## Task
If the records include pictures, omit them and set down everything else verbatim.

(Beginning of Given information)

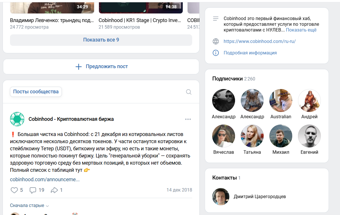 У организации остался аккаунт в ВК cobinhood exchange rus. Незадолго до закрытия команда заявила о технических проблемах и перестала выплачивать средства. Несмотря на перспективность и официальной регистрации, компания ушла с рынка как откровенный скам.
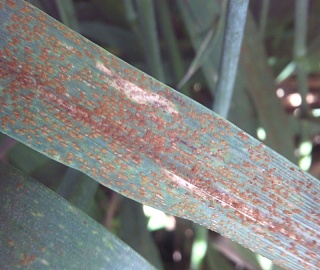 На верхней стороне листьев, реже на листовых влагалищах, охристо-коричневые (ржавые) скопления мелких порошащих подушечек-пустул с уредоспорами, беспорядочно разбросанных по всей поверхности листа. Позднее на нижней стороне стареющих листьев можно обнаружить пустулы-телии в виде черных блестящих подушечек под эпидермисом. В период вегетации развивается несколько поколений уредоспор, которые, разлетаясь, заражают все новые растения и способны вызвать массовое поражение посевов. При сильном поражении уредолустулами покрывается почти вся листовая пластинка, появляется ожог и листья скручиваются.
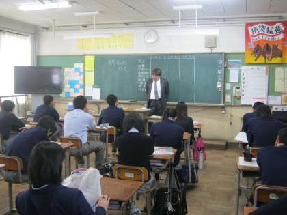 11月18日・19日の二日間にわたり、3年生各クラス社会科の授業の一環として「租税制度」についての授業が行われました。下京税務署から派遣された税理士の方が税金についての授業をして下さいました。所得税の累進課税などをわかりやすく丁寧に教えて下さり、最初は頭を痛めていた3年生も、徐々に理解してきているようでした。みんな真剣に授業を受けていました。
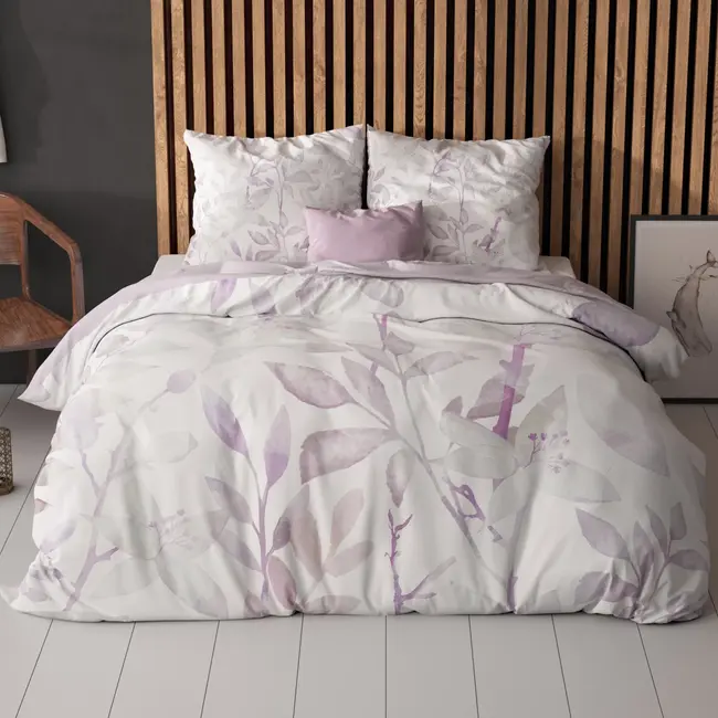 Het Microvezel Dekbedovertrek Water Leaves heeft prachtige pastel roze gekleurde bladeren verspreid over het witte oppervlak en brengt de rustgevende natuur in de slaapkamer. En wil je even iets anders, dan draai je het dekbed gewoon om voor een effen roze oppervlak. Dankzij de digitale print geniet je van haarscherpe details en levendige kleuren die lang mooi blijven.
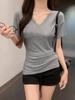 Camiseta de Modal con Cuello en V y Manga Corta para Mujer Verano Nuevo Sexy Look Holgado Adelgazante Bottoming Top Básico
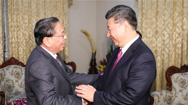 中共中央總書(shū)記、國(guó)家主席習(xí)近平13日在萬(wàn)象會(huì)見(jiàn)前老撾人民革命黨中央委員會(huì)總書(shū)記、國(guó)家主席朱馬里。
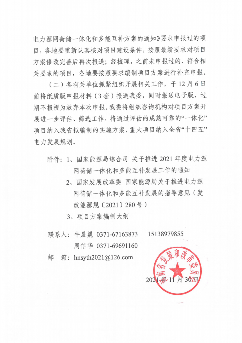 11月30日,河南省發(fā)改委發(fā)布了《關(guān)于補(bǔ)充申報(bào)“十四五”電力源網(wǎng)荷儲一體化和多能互補(bǔ)項(xiàng)目方案》的通知。在今年上半年河南發(fā)改委組織申報(bào)項(xiàng)目的基礎(chǔ)上,再次補(bǔ)充申報(bào)“一體化”項(xiàng)目。
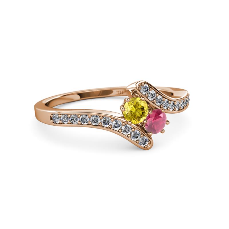Yellow Sapphire and Rhodolite Garnet 2 Stone with Side Diamonds Womens Bypass Engagement Ring 0.74 ctw 14K Rose Gold More Details ...
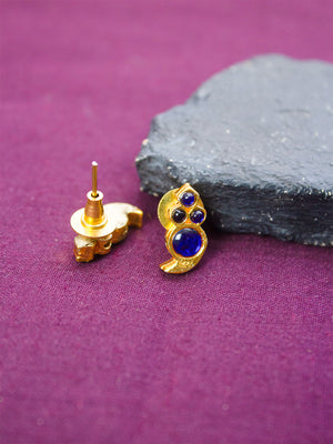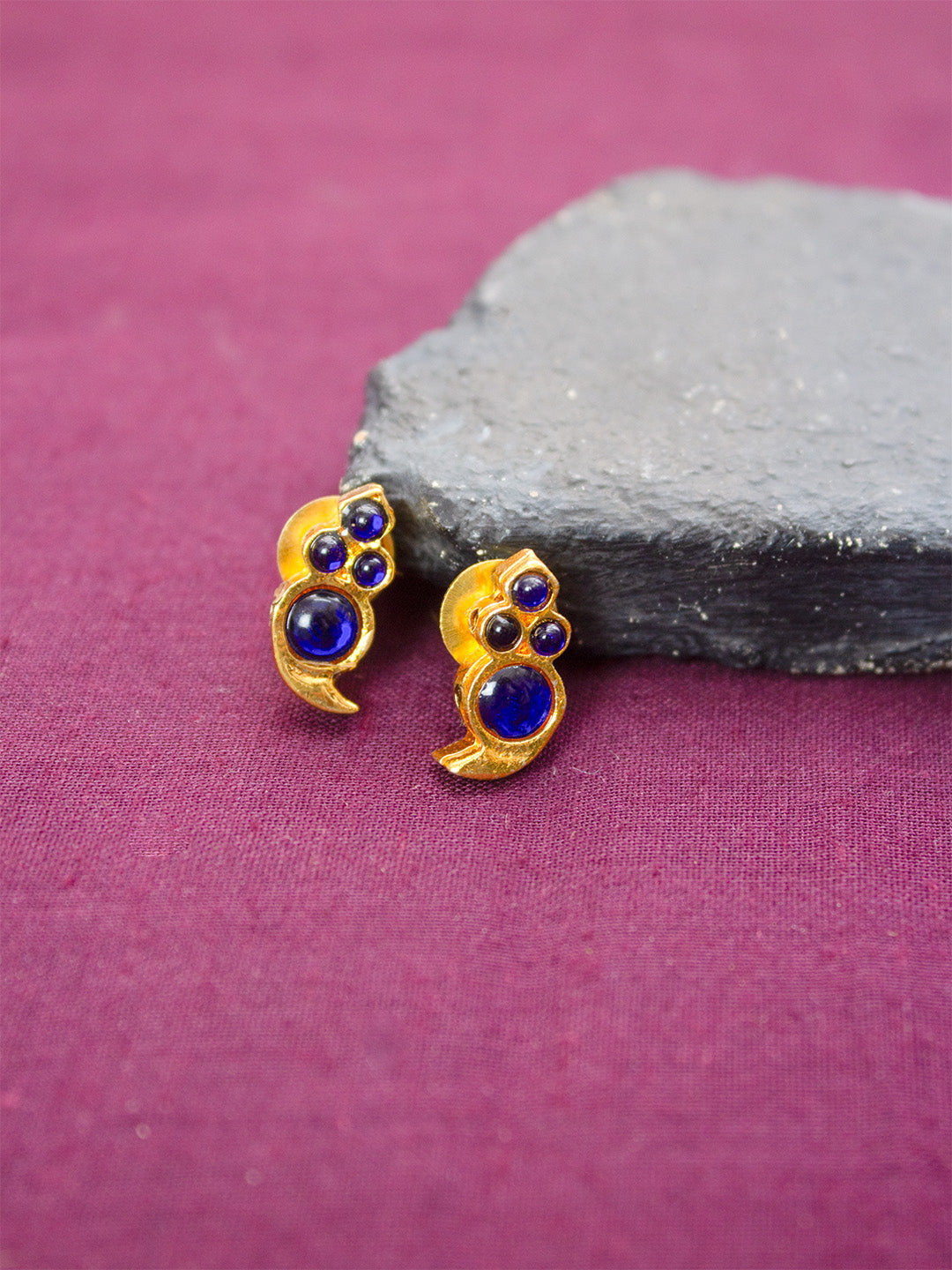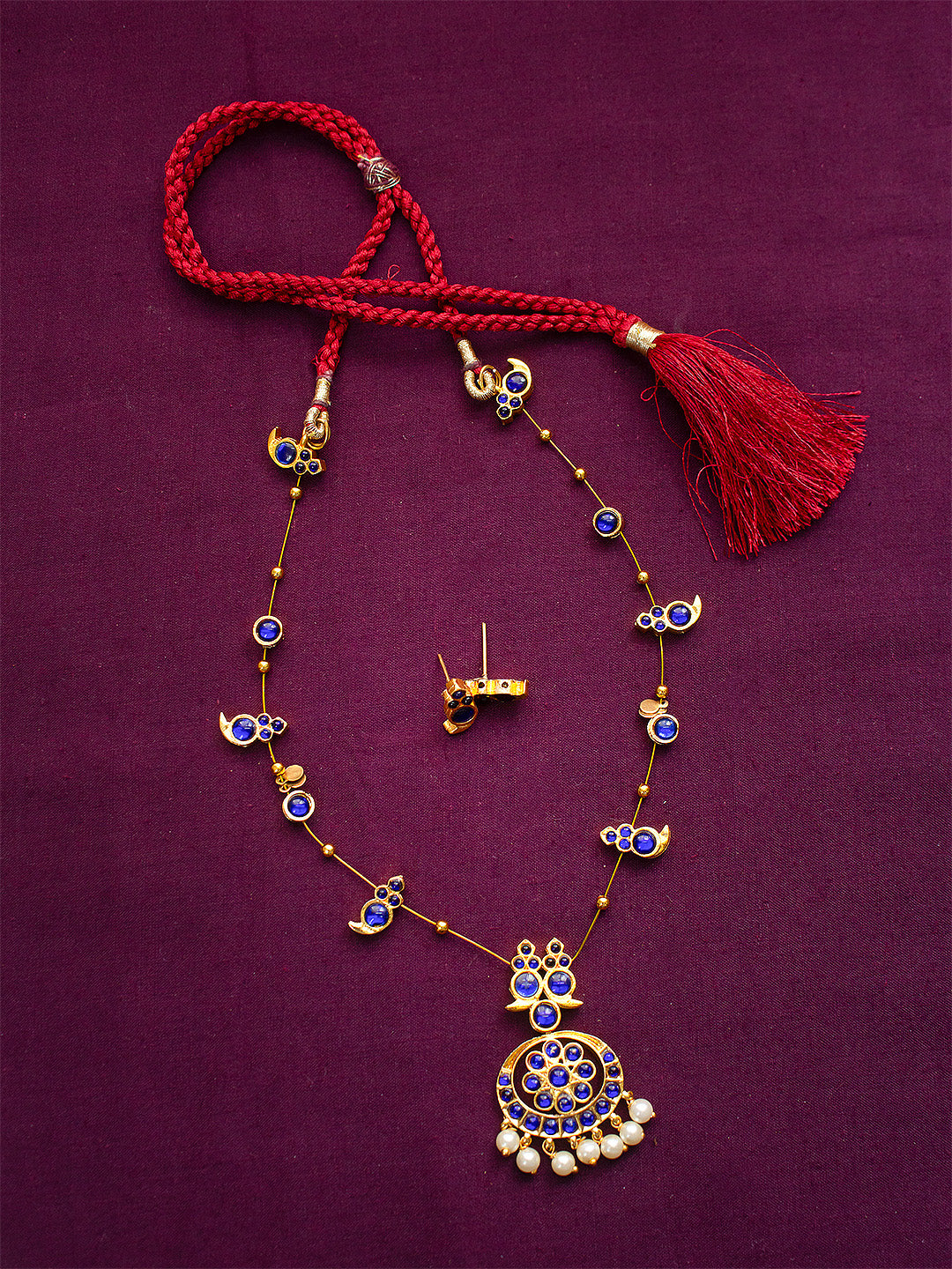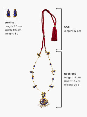 Premium Gold Finish Blue Single Layer Kemp Stones Necklace Set

(End of Given information)

## Response to this task
 У организации остался аккаунт в ВК cobinhood exchange rus. Незадолго до закрытия команда заявила о технических проблемах и перестала выплачивать средства. Несмотря на перспективность и официальной регистрации, компания ушла с рынка как откровенный скам.
 На верхней стороне листьев, реже на листовых влагалищах, охристо-коричневые (ржавые) скопления мелких порошащих подушечек-пустул с уредоспорами, беспорядочно разбросанных по всей поверхности листа. Позднее на нижней стороне стареющих листьев можно обнаружить пустулы-телии в виде черных блестящих подушечек под эпидермисом. В период вегетации развивается несколько поколений уредоспор, которые, разлетаясь, заражают все новые растения и способны вызвать массовое поражение посевов. При сильном поражении уредолустулами покрывается почти вся листовая пластинка, появляется ожог и листья скручиваются.
 11月18日・19日の二日間にわたり、3年生各クラス社会科の授業の一環として「租税制度」についての授業が行われました。下京税務署から派遣された税理士の方が税金についての授業をして下さいました。所得税の累進課税などをわかりやすく丁寧に教えて下さり、最初は頭を痛めていた3年生も、徐々に理解してきているようでした。みんな真剣に授業を受けていました。
 Het Microvezel Dekbedovertrek Water Leaves heeft prachtige pastel roze gekleurde bladeren verspreid over het witte oppervlak en brengt de rustgevende natuur in de slaapkamer. En wil je even iets anders, dan draai je het dekbed gewoon om voor een effen roze oppervlak. Dankzij de digitale print geniet je van haarscherpe details en levendige kleuren die lang mooi blijven.
 Camiseta de Modal con Cuello en V y Manga Corta para Mujer Verano Nuevo Sexy Look Holgado Adelgazante Bottoming Top Básico
 中共中央總書(shū)記、國(guó)家主席習(xí)近平13日在萬(wàn)象會(huì)見(jiàn)前老撾人民革命黨中央委員會(huì)總書(shū)記、國(guó)家主席朱馬里。
 11月30日,河南省發(fā)改委發(fā)布了《關(guān)于補(bǔ)充申報(bào)“十四五”電力源網(wǎng)荷儲一體化和多能互補(bǔ)項(xiàng)目方案》的通知。在今年上半年河南發(fā)改委組織申報(bào)項(xiàng)目的基礎(chǔ)上,再次補(bǔ)充申報(bào)“一體化”項(xiàng)目。
Yellow Sapphire and Rhodolite Garnet 2 Stone with Side Diamonds Womens Bypass Engagement Ring 0.74 ctw 14K Rose Gold More Details ...
 Premium Gold Finish Blue Single Layer Kemp Stones Necklace Set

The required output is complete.